_Recorded information:_
※ ※ ※
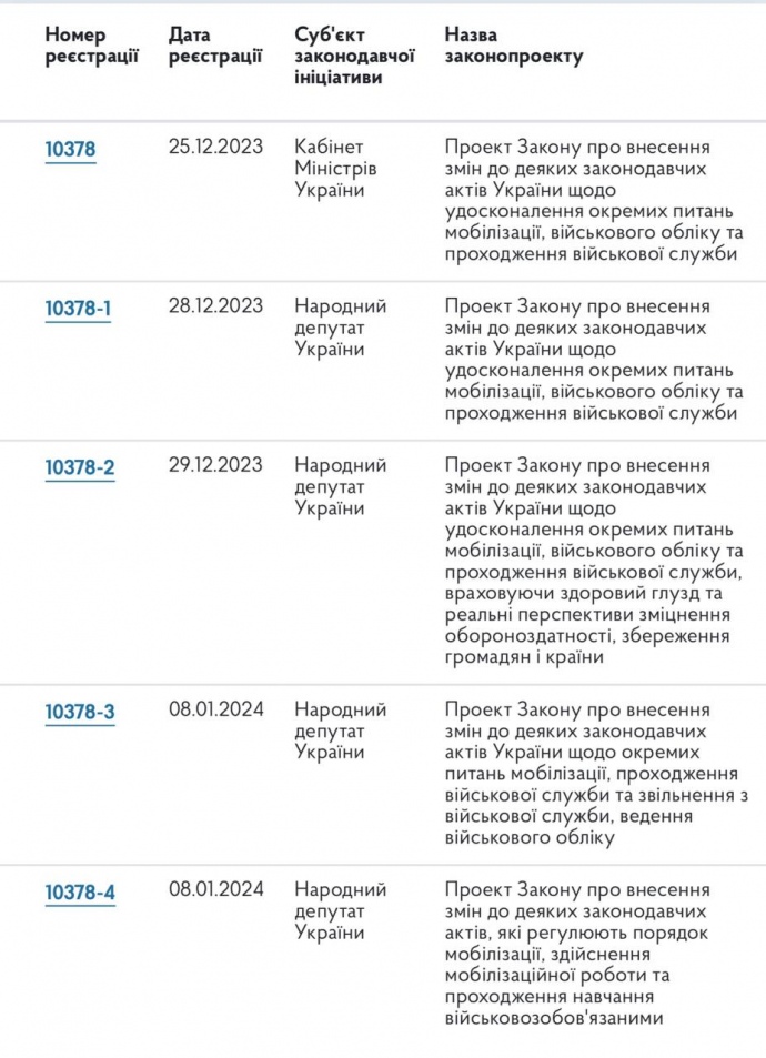 В Верховной Раде зарегистрировано уже 5 законопроектов по совершенствованию мобилизации: правительственный и 4 альтернативных.
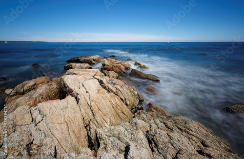 Rocks and slow motion ocean wave at Rye Harbor State Park, Portsmouth NH, USA. The park affords scenic views of the Atlantic Ocean, the Isles of Shoals, and Rye Harbor, also called Ragged Neck.
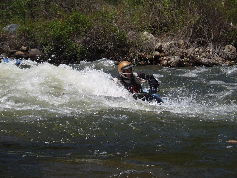 huge hole just downstream. We skirted the hole on the right and eddied out after 100
※ ※ ※
_How to complete this task:_ From the material above, write out exactly the lines from the line with "Rocks and slow" through the closing line, inclusive, and no pictures.

_Solution:_
 Rocks and slow motion ocean wave at Rye Harbor State Park, Portsmouth NH, USA. The park affords scenic views of the Atlantic Ocean, the Isles of Shoals, and Rye Harbor, also called Ragged Neck.
 huge hole just downstream. We skirted the hole on the right and eddied out after 100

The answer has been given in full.